Ницше и христианство

Ницше и христианство

Введение

Все знают, с какой неслыханной резкостью отвергал Ницше христианство. Например: «Кто выкажет сегодня хоть малейшее колебание в своем отношении к христианству, тому я не протяну и мизинца. Здесь возможна лишь одна позиция: безусловное „Нет“» (XVI, 408)[1].

Ницше не устает разоблачать христианство, переходя от негодования к презрению, от спокойного исследования к язвительному памфлету. С удивительной изобретательностью он меняет точки зрения, рассматривая христианские реалии со всех сторон и раздевая их донага. Он усвоил мотивы всех своих предшественников в этой борьбе и положил начало новой войне против христианства — войне небывало радикальной и до конца осознанной.

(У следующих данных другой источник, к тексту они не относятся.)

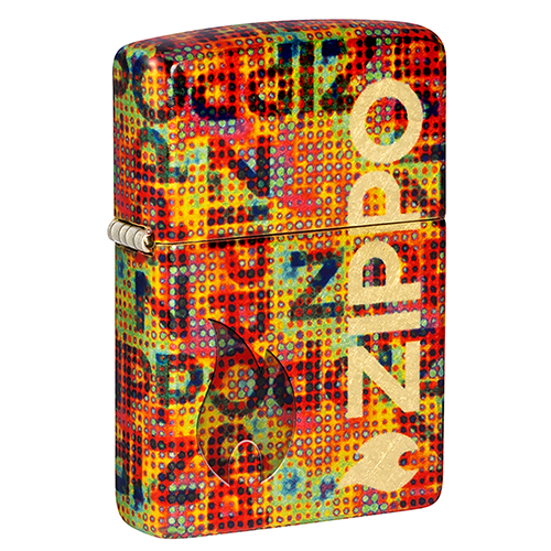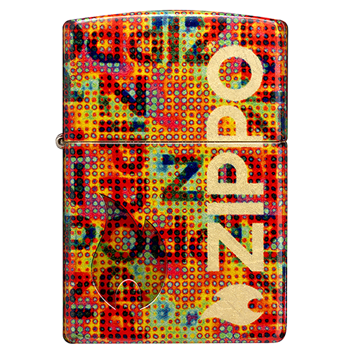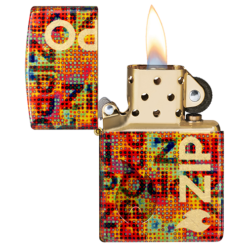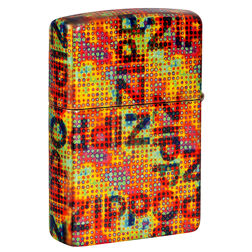 Основа из искусственно состаренной латуни проглядывает сквозь завораживающий узор из пикселизированных логотипов Zippo, а в левом нижнем углу изящно выгравирован значок пламени Zippo..
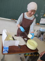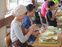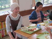 すると、「おいしい!」という声が次々にあがりました。やがて、おかわりをもらいに来る子ども達で、あっという間に行列ができました。デザートの「フルーツヨーグルト」もおいしかったようです。
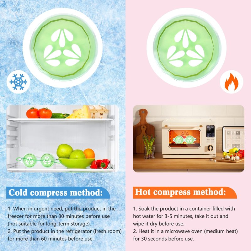 - Hot or Cold Use: our cucumber eye pads are both microwavable and freezable; Designed for versatility, these eye pads are suitable for all seasons and scenarios; You can either warm them up or cool them down based on your requirement

Зная об этой пламенной вражде, внимательный читатель Ницше не раз встанет в тупик перед некоторыми его высказываниями, на первый взгляд никак не совместимыми с антихристианством. Ницше случается говорить о христианстве так: «Это лучший кусок идеальной жизни, какой мне по-настоящему довелось узнать: я устремился вслед за ним чуть не с пеленок и, думаю, никогда не предавал его в сердце своем» («Письмо к Гасту», 21.7.81). Он может одобрительно высказываться и о воздействии Библии: «Неизменное благоговение перед Библией, сохраняющееся в Европе, в общем, и по сей день, — это, пожалуй, лучший образчик культуры и утончения нравов, каким Европа обязана христианству…» (VII, 249). Более того, Ницше, отпрыск священнических семей по линии обоих родителей, видит в совершенном христианине «благороднейший из человеческих типов», с какими ему приходилось сталкиваться: «Я почитаю за честь, что происхожу из рода, в котором принимали свое христианство всерьез во всех отношениях» (XIV, 358).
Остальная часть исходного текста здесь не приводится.